Thoughtfully, Bea examined the room and reconsidered her assumptions about its orderliness. “Is this how the kitchen looked last night?”r />
“Oh, no, your grace, it was a frightful mess,” Gertrude said as the scullery maid nodded in agreement. “We always try to keep the worktables clean but once the guests start to arrive and the food is placed on serving platters, everything becomes a muddled jumble. And there was flour everywhere last night because Thomas—that’s the kitchen boy—didn’t realize there was a hole in the sack and trailed it everywhere.”
“I meant after the party,” Bea clarified. “Is this how the room looked when you went to bed?”

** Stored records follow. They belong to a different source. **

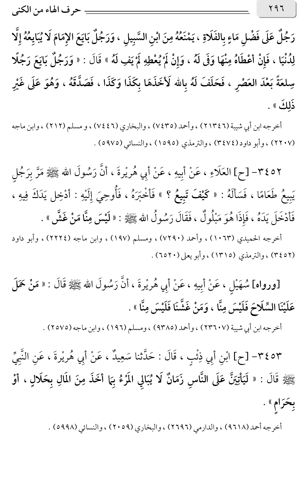 ٣٤٥٢ - [ح] العَلَاءِ، عَنْ أبِيهِ، عَنْ أبِي هُريْرةَ، أنَّ رَسُولَ الله صلى الله عليه وسلم مَرَّ بِرَجُلٍ يَبِيعُ طَعَامًا، فَسَألَهُ: «كَيْفَ تَبِيعُ؟ » فَأخْبَرَهُ، فَأُوحِيَ إِلَيْهِ: أدْخِل يَدَكَ فِيهِ، فَأدْخَلَ يَدَهُ، فَإِذَا هُوَ مَبْلُولٌ، فَقَالَ رَسُولُ الله صلى الله عليه وسلم: «لَيْسَ مِنَّا مَنْ غَشَّ».
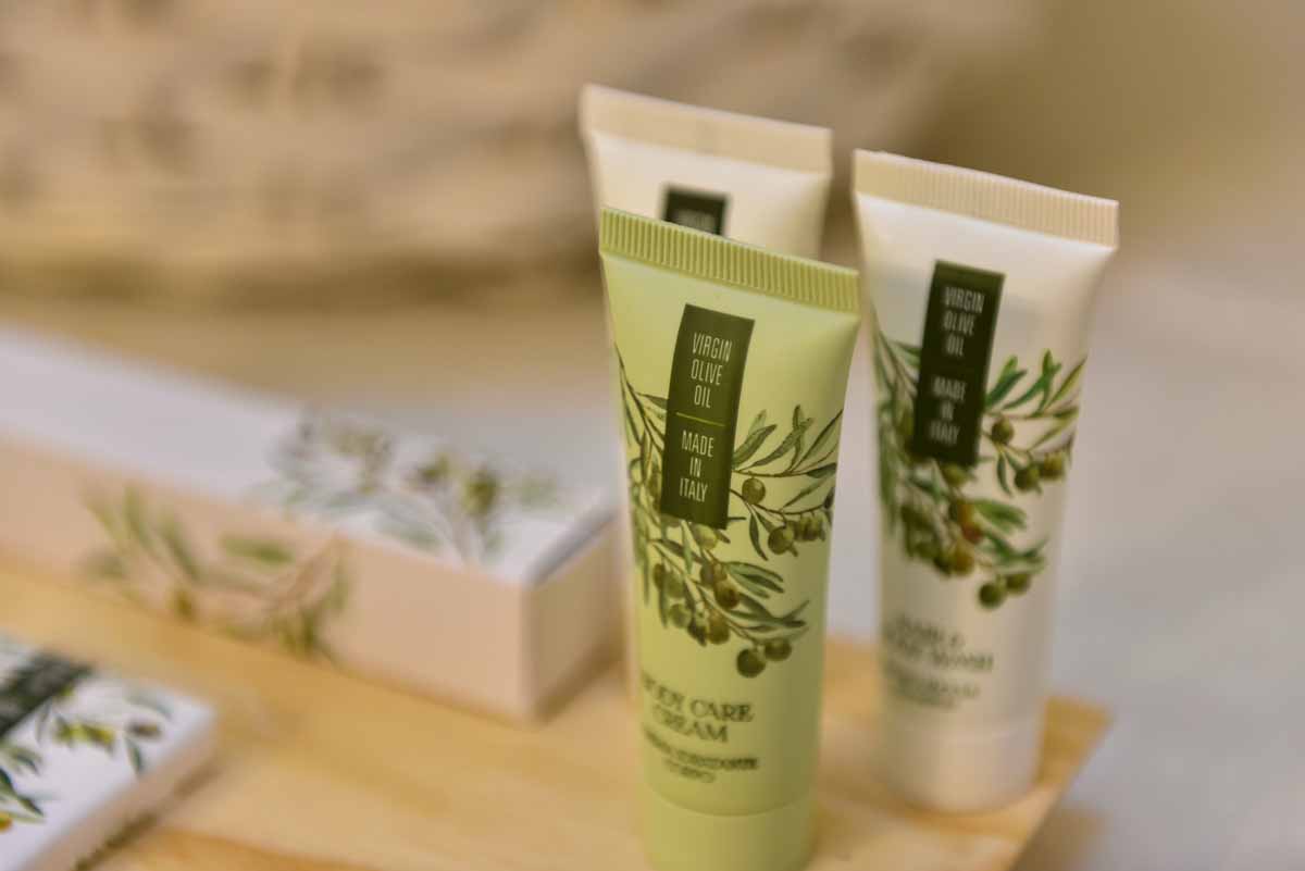 Il kit cortesia comprende tutto l’occorrente per il tuo benessere con trattamenti a base di olio di oliva, ingrediente rinomato per le sue capacità idratanti e nutritive.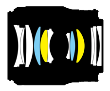Внутреннее устройство объективов отличается весьма сильно. Беззеркальный Nikkor содержит 12 стекол в 9 группах, включая 2 асферических элемента (голубые), 2 линзы из материала со сверхнизкой дисперсией (желтые) и несколько линз с «фирменным» нанокристаллическим покрытием (Nano Crystal Coat). Конкурент для зеркальной системы устроен существенно проще: 7 элементов в 6 группах, включая всего одну асферическую линзу (голубая).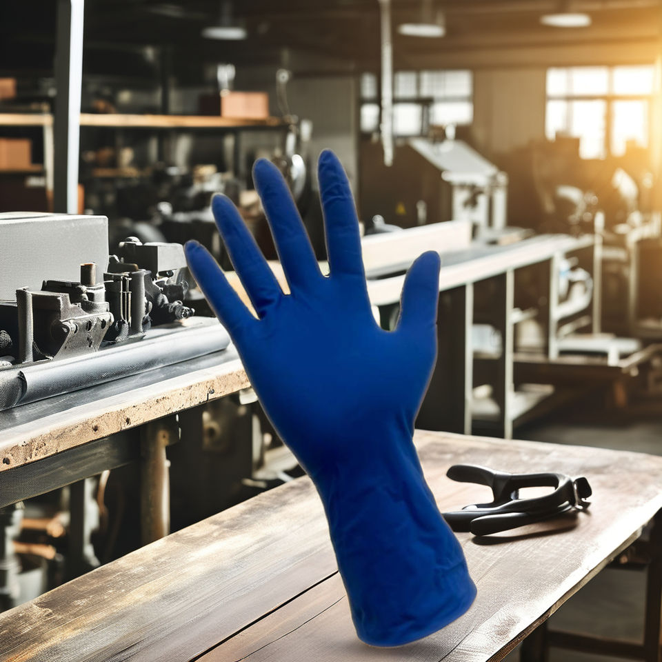 8 mils ถุงมือยางที่มีความเสี่ยงสูงปราศจากผง300มม. (12 ") สีกรมท่า13กรัม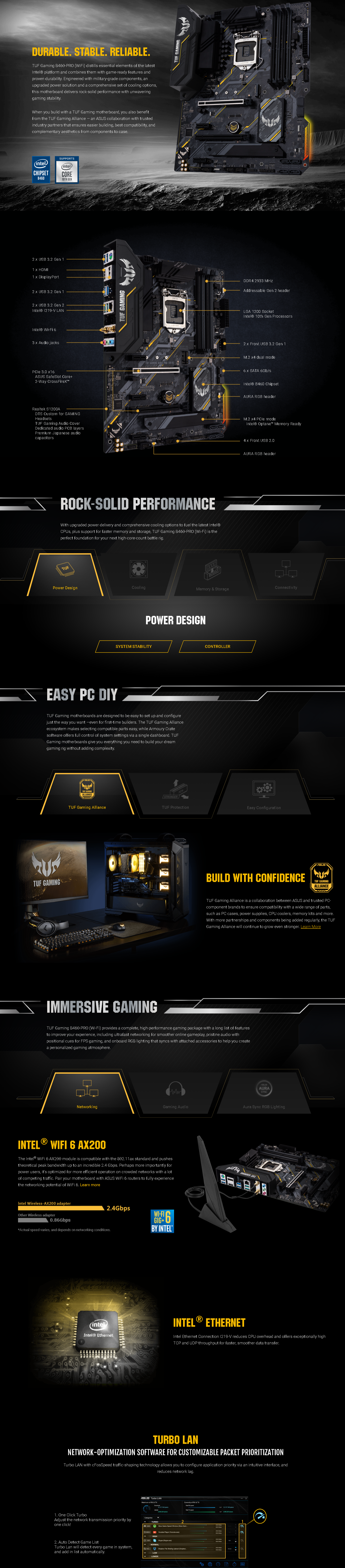ASUS TUF GAMING B460-PRO (WI-FI) ATX Gaming Motherboard 10th Gen LGA1200 DDR4 2933MHz, WIFI6, 2xM.2, DP, HDMI, CrossFire, Aura Sync RGB TUF GAMING B460-PRO (WI-FI)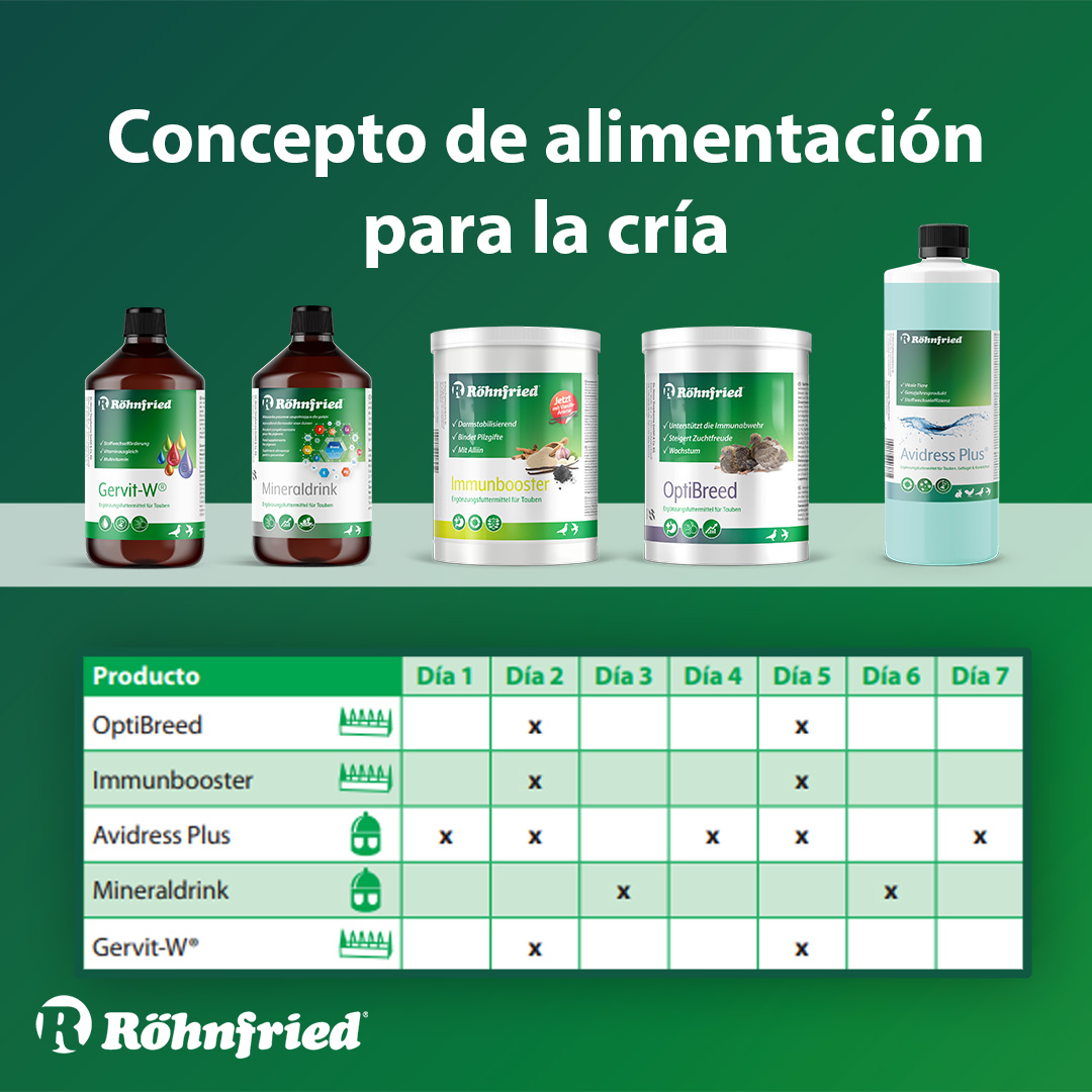 Nuestros productos no solo te apoyan en la fase de preparación, sino a lo largo de toda la temporada de cría. Röhnfried es tu socio para lograr un éxito sostenible en la cría de palomas. Con nuestro enfoque integral, estableces la base para palomas de alto rendimiento.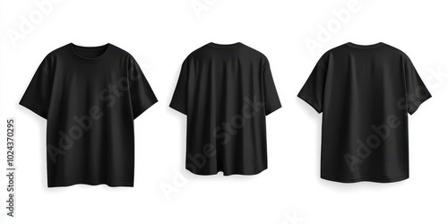 Set of black oversized loose Drop Shoulder tee t shirt round neck front, back and side view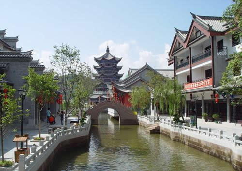 茶花溪:溪寬2-2.5米,水較淺流速較快,主要展現(xiàn)西部古鎮(zhèn)水鄉(xiāng)風(fēng)韻。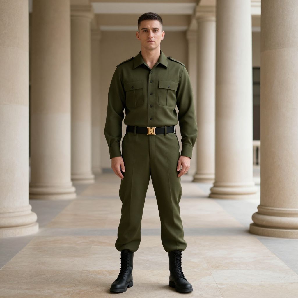 Military Shirt Costume, man in uniform standing in a hall with columns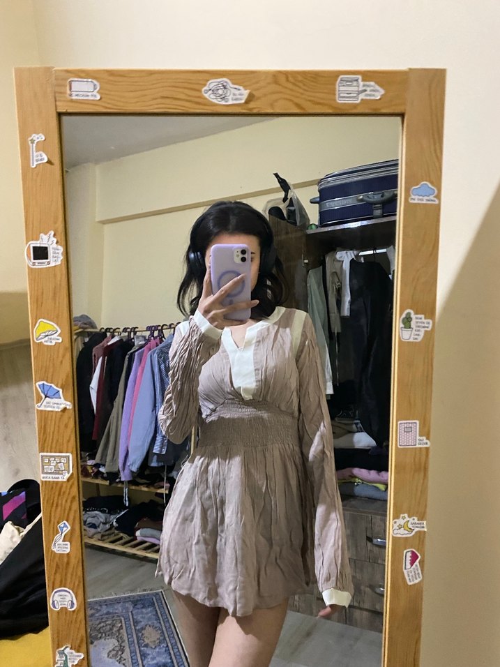 Pastel bej renkte, uzun kollu ve V yakalı midi elbise. İpeksi kumaştan, salaş kesim ve tie-dye desenli, şeffaf detaylar içerir. Günlük rahat kullanım için uygun.
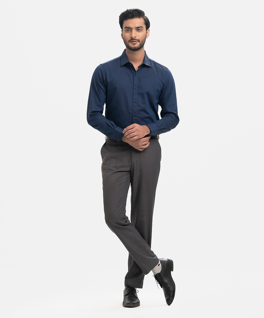 Navy Blue Cotton Business Formal Shirt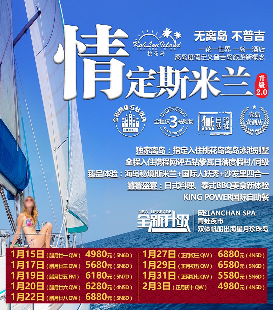 【春节】【墅说斯米兰】普吉岛、斯米兰岛 5晚6天,独家桃花岛,双体帆船

“Why, good gracious me, yes, of course,” Gertrude said fervently. “Go to sleep with flour all over the floor? And with dirty mixing bowls and egg shells scattered all over the counter? We would be run out of house and home by mice within the week. No matter how long it takes or how late the hour grows, we always restore the kitchen to order before we go to sleep, especially after a party, for that is when things are the messiest. If I myself were not so diligent about cleanliness, Mrs. Blewitt, the housekeeper, would insist on it.”
“How late did the hour grow?” Bea asked.
“Around one for me,” she said, “a little later for Esther. That is typical for a dinner party of that size because the last course is served around ten and the guests usually leave about an hour later. When I went up to bed Monsieur Alphonse was still in the garden smoking a cheroot. It was his habit to take the air after a long day of cooking.”
Bea nodded and looked at the butler. “And what time did you go to sleep?”
“After the last guest left, I oversaw the cleanup of the dining room,” he said, “and consulted with Mrs. Blewitt, who was in the pantry checking her stocks, to see if she required my help with anything. That was around midnight. She assured me everything was in order, so I checked that the house was secured, confirmed the cellar door was firmly locked and retired to my room. It was perhaps twelve-thirty by then, maybe twelve forty-five? I know I was in my bed by one o’clock. I, too, saw Monsieur Alphonse in the garden smoking a cheroot.”